A structured set of objections, weighed in public.

Desk editor's note, referee report, simulated authors' rebuttal, and a circularity audit. Tearing a paper down is the easy half of reading it; the pith above is the substance, this is the friction.

Desk Editor's Note private letter to a colleague

CXRMate-2 delivers measurable metric gains and a real radiologist preference study, but the clinical acceptability conclusion rests on a small evaluation that treats non-significance as parity without proper checks.

read the letter

The paper's core advance is making reinforcement learning practical for chest X-ray report generation by using structured multimodal temporal embeddings plus high-resolution compression to condition an LLM decoder. This lets them run GRPO with a custom reward aimed at semantic alignment. On MIMIC-CXR they report clear lifts over MedGemma 1.5: 11.2% on GREEN and 24.4% on RadGraph-XL, plus similar patterns on the other two datasets. That part is straightforward engineering progress and worth noting for anyone tracking these models. They also run a blinded study with three consultant radiologists on 120 MIMIC-CXR cases, which is more than most papers in this area bother with. Generated reports came out acceptable in 45% of ratings and were liked for readability, while radiologist reports won on recall. That gives a concrete data point instead of just automated scores.
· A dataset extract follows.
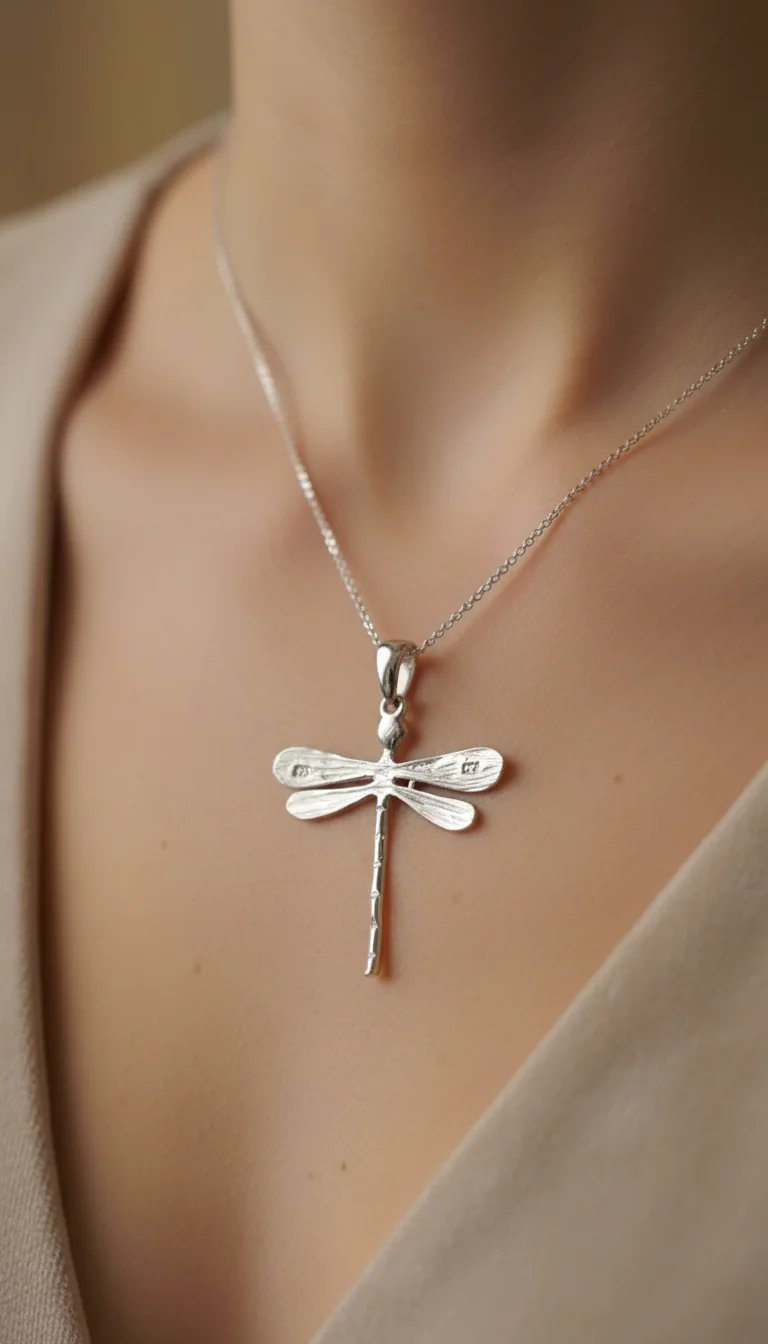 تصور کن یه سنجاقک ظریف و خوشفرم، از نقره اصل ۹۲۵ ساخته شده، با جزئیات دقیق بالها و بدن که حتی خط و نقش بالهاش هم کاملاً برجستهست ✨

The architecture choices and the GRPO application look like genuine extensions rather than minor tweaks. The evaluation design itself is a step in the right direction for the field. The main weakness is the interpretation of the preference results. They state no statistically significant difference on seven of eight findings and treat that as evidence the model is approaching clinical level. With only 120 studies and three readers, the study is underpowered for that claim. Non-significance can easily come from low sensitivity rather than true equivalence, and they do not appear to have reported power analysis, confidence intervals on the proportions, or equivalence testing. The abstract also notes that radiologist preference was driven by higher recall, which suggests the gap on subtle findings is still material. The reward function details are thin in the available text, so it is hard to judge how much the GRPO step actually captures clinical priorities versus fitting the training distribution. This work is for groups already building or evaluating radiology report models who need to see concrete RL results and human feedback numbers. It is not a breakthrough but it has enough new pieces and evaluation effort to justify sending it to referees rather than desk rejecting. A revised version that adds proper statistical checks on the preference data and more reward transparency would be a useful addition to the literature.

Referee Report

2 major / 2 minor

Summary. The manuscript presents CXRMate-2, a chest X-ray radiology report generation model that uses structured multimodal temporal embeddings and high-resolution visual feature compression to enable tractable reinforcement learning via group relative policy optimization (GRPO) with a custom reward function for improved semantic alignment. It reports statistically significant gains on automated metrics including 11.2% in GREEN and 24.4% in RadGraph-XL on MIMIC-CXR relative to MedGemma 1.5 (4B), with similar results on CheXpert Plus and ReXgradient. A blinded randomized qualitative evaluation by three consultant radiologists on 120 MIMIC-CXR studies finds generated reports acceptable (preferred or equal) in 45% of ratings, with no statistically significant preference differences versus radiologist reports for seven of eight findings; radiologist reports are preferred for recall while generated reports score higher on readability. The work concludes that improving recall of subtle findings is the main remaining barrier to non-inferiority.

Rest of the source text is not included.